::: Data for analysis

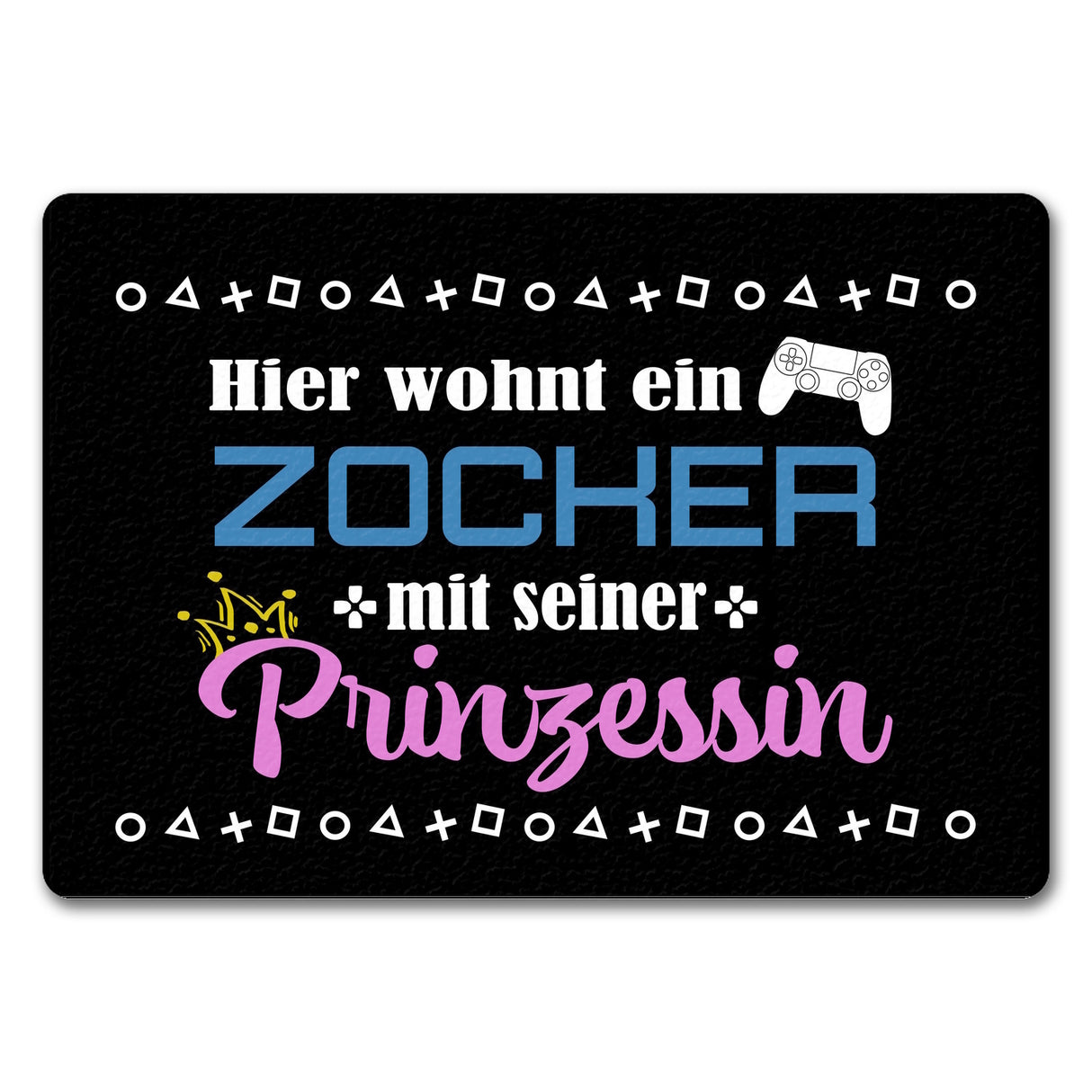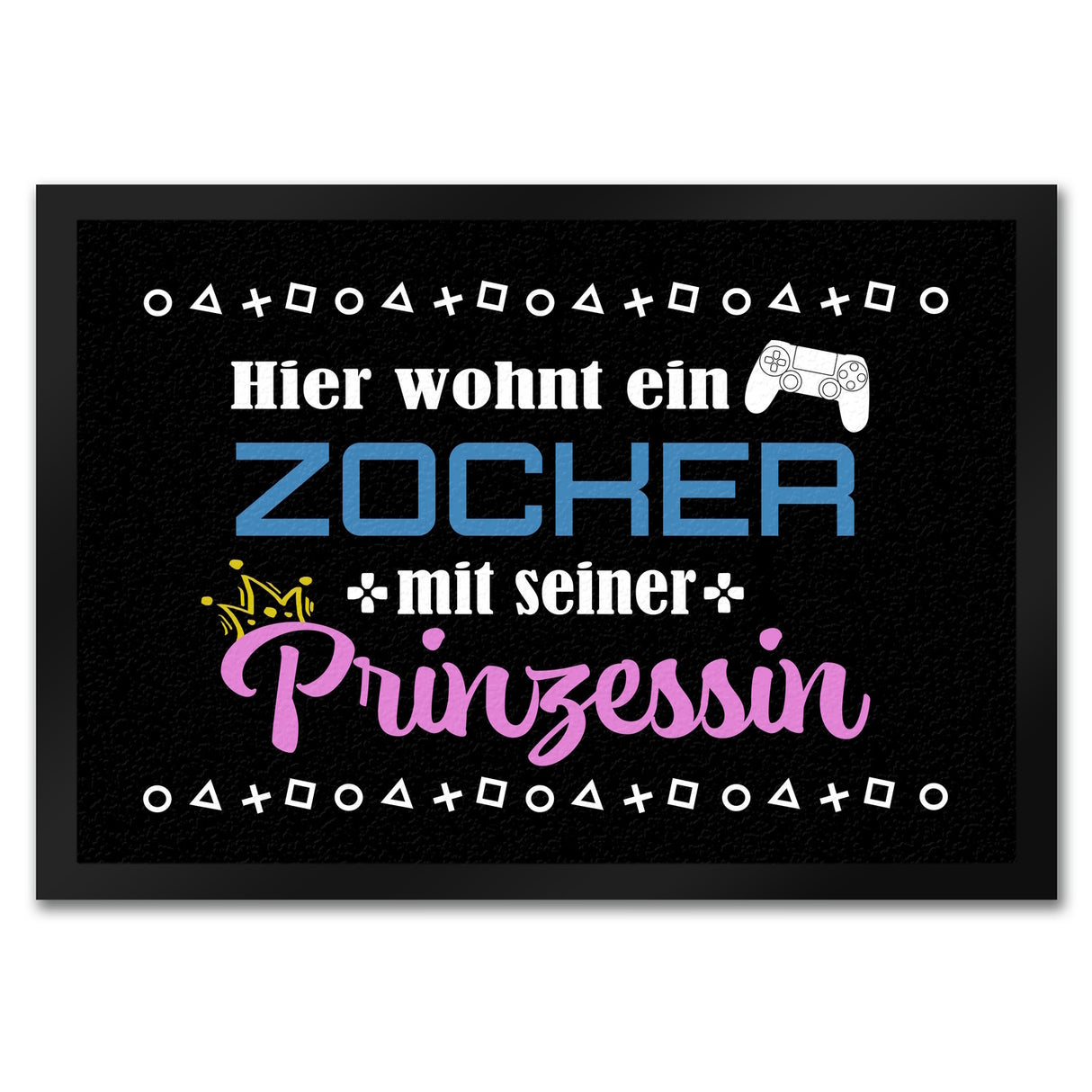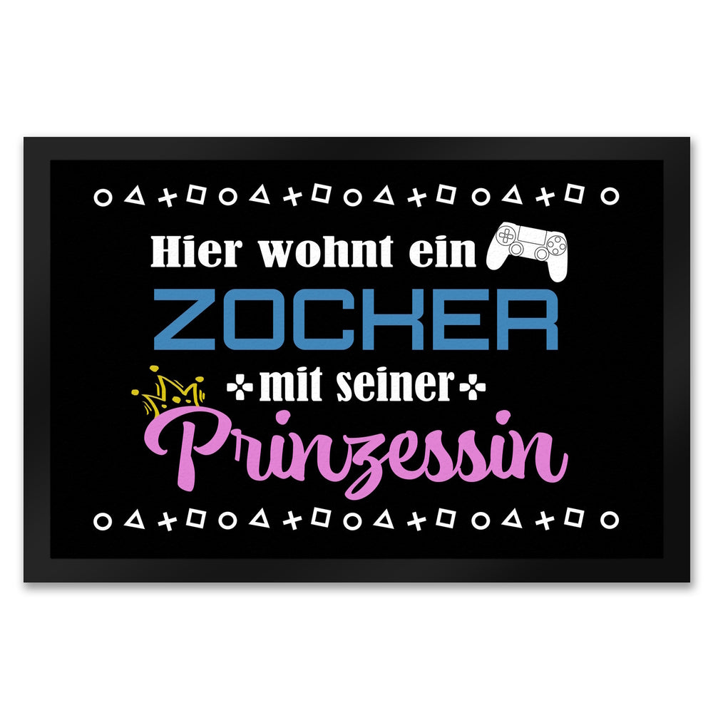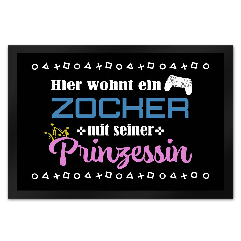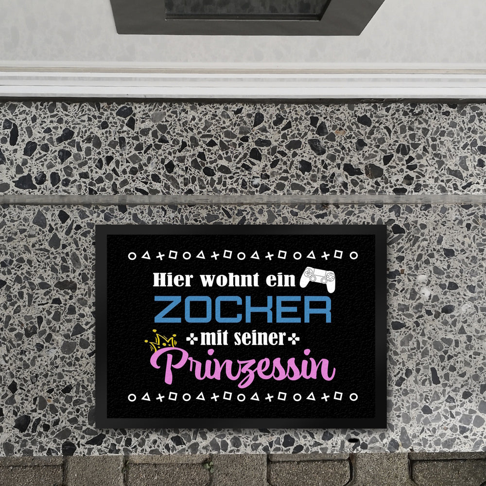 - 1x Hier wohnt ein Zocker mit seiner Prinzessin Fußmatte in der gewählten Größe
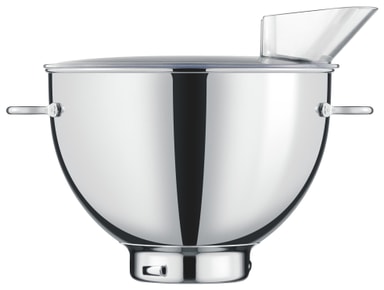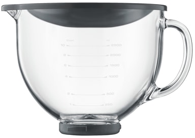 2 medfølgende boller: Velg mellom to medfølgende boller i henhold til hva og hvor mye som skal blandes. Den klare glassbollen rommer 4,8 liter mens bollen i rustfritt stål er på 3,7 liter. Lokket som følger med passer begge boller.
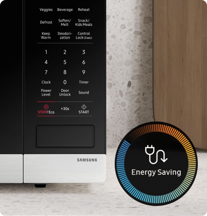 The microwave conserves power when not cooking.* Eco Mode turns off the microwave oven’s display and only uses enough power to keep it ready to use.
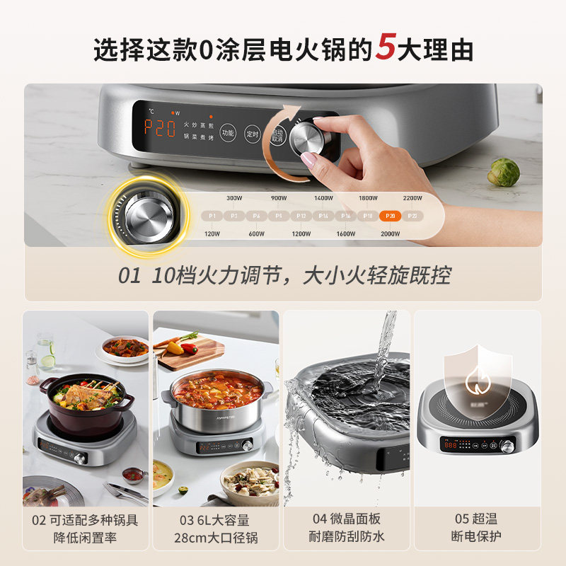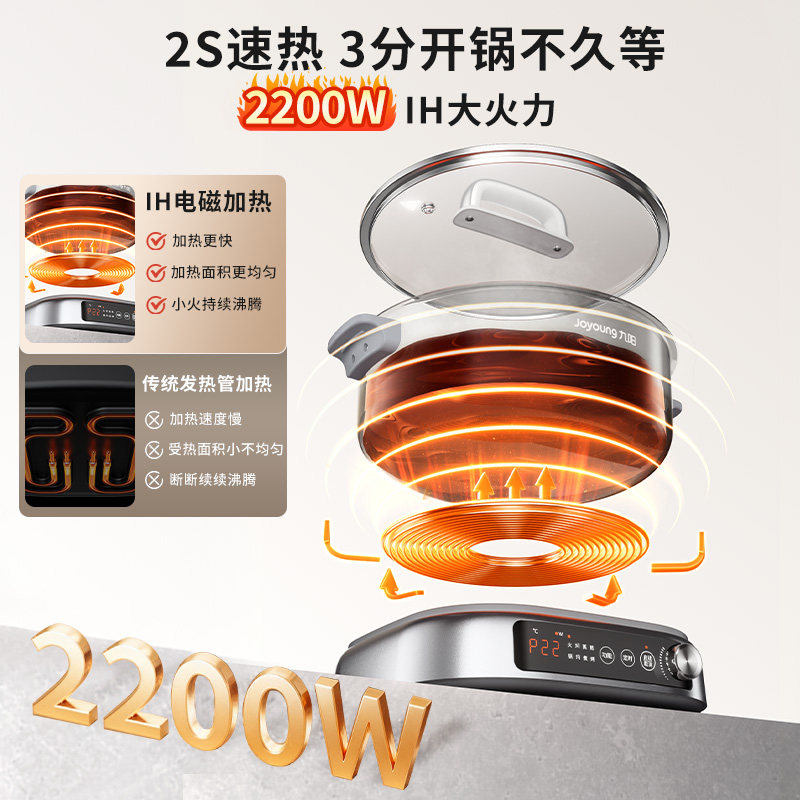 九阳电煮锅IH电热火锅家用多功能0涂层不锈钢分体式大容量电热锅
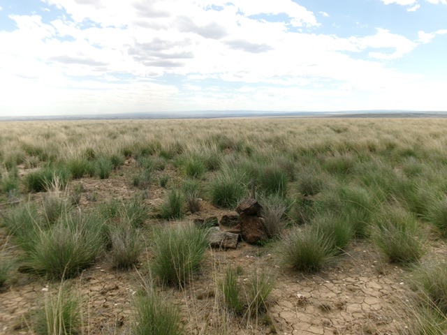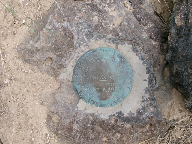 From the road bend, bushwhack west up a rounded shoulder of gapped sagebrush. Once atop this shoulder (at its west end), angle right-ish/west-northwest for a ways and cross a wide gully of sorts. Aim northwest now toward two visible water tanks. Bushwhack through typical sagebrush with gaps to reach the water tanks. Once past the water tanks, find an old 2-track service road that leads west to an old radio tower. Follow an old 2-track road from the radio tower to its end then bushwhack west in thick-ish sagebrush to reach the summit area. Look around and find the USGS benchmark high point of Castleford Butte.
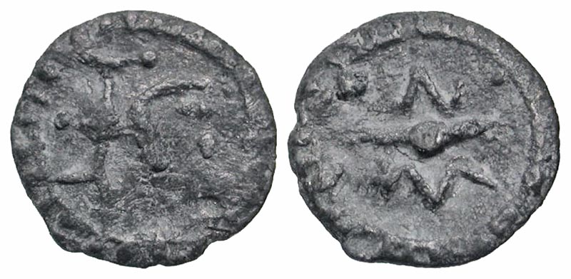 Anonymous. 1st century B.C. - 1st century A.D. PB tessera (12.0 mm, 0.74 g, 12 h). JC, pellets in field / Open star. VF.
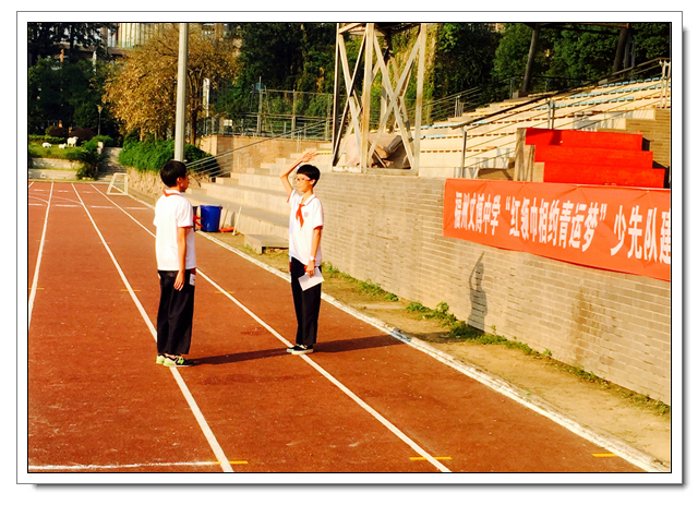 1949年10月13日,诞生了一个光荣的集体——中国少年先锋队。少先队,一个响亮的名字,在走过几十年光辉历程后,迎来了它66岁的生日。活动秩序井然,先举行了隆重的建队日仪式,集会由初一(2)班陈诗婕主持,全体少先队员们齐声高唱《中国少年先锋队队歌》“我们是共产主义接班人……”熟悉的旋律,嘹亮的歌声,振奋了在场的每一位学生,感染了每一位老师。之后在大队辅导员陈锦霞老师的带领下,全体少先队员在队旗下庄严呼号:“时刻准备着!” 初一(9)班邵如缙代表少先队员发表了讲话。团委书记张锦杉老师在发言中也对全体少先队员提出三个要求:1、爱护环境卫生;2、待人有礼貌;3、尊重集体。勉励全体少先队员做到同分更优秀。
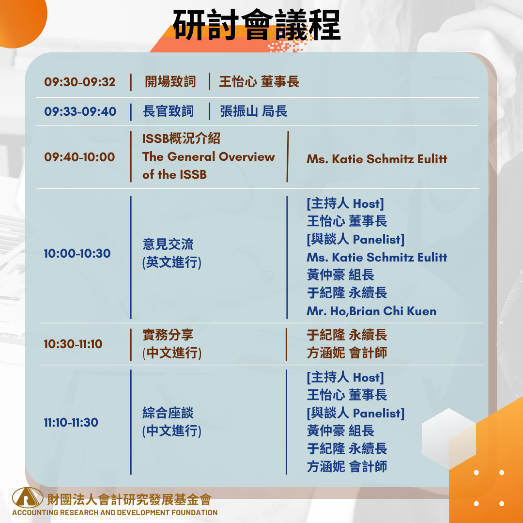 而IFRS基金會也於今年8月1日宣布完成將價值報導基金會(VRF)併入IFRS基金會。VRF所制定的SASB準則,已是我國永續報告編製的依循,未來將依上市櫃公司產業別,揭露具備公司財務重大性及投資決策有用性之ESG資訊。因此,本場研討會邀請IFRS基金會成員Ms. Katie Schmitz Eulitt,說明ISSB的現況,以及ISSB徵求意見稿的初步審閱。

::::::

Restate word for word every line from the one with "2 medfølgende boller: Velg" up to and including the one with "九阳电煮锅IH电热火锅家用多功能0涂层不锈钢分体式大容量电热锅" in the records above, minus the pictures.

 2 medfølgende boller: Velg mellom to medfølgende boller i henhold til hva og hvor mye som skal blandes. Den klare glassbollen rommer 4,8 liter mens bollen i rustfritt stål er på 3,7 liter. Lokket som følger med passer begge boller.
 The microwave conserves power when not cooking.* Eco Mode turns off the microwave oven’s display and only uses enough power to keep it ready to use.
 九阳电煮锅IH电热火锅家用多功能0涂层不锈钢分体式大容量电热锅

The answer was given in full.